Information supplied:
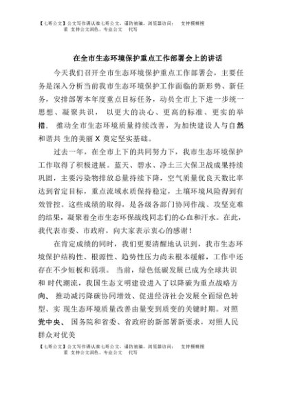 / 【七哥公文】2025年:在全市生态环境保护重点工作部署会上的讲话+更多免费公文+VX:QiGeGongWen2024
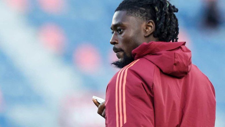 Roma’s Manu Konè on the pitch prior the Italian Serie A soccer match Bologna FC vs AS Roma at Renato Dall’Ara stadium in Bologna, Italy, 12 January 2025. ANSA /SERENA CAMPANINI
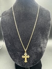 14K Yellow Gold Victorian Antique Filigree Cross Pendant & 16in Necklace 2.42g

Work task: The whole listing above, line by line, needs to be copied exactly, except for any images.

Answer to this task:
 / 【七哥公文】2025年:在全市生态环境保护重点工作部署会上的讲话+更多免费公文+VX:QiGeGongWen2024
 Roma’s Manu Konè on the pitch prior the Italian Serie A soccer match Bologna FC vs AS Roma at Renato Dall’Ara stadium in Bologna, Italy, 12 January 2025. ANSA /SERENA CAMPANINI
 14K Yellow Gold Victorian Antique Filigree Cross Pendant & 16in Necklace 2.42g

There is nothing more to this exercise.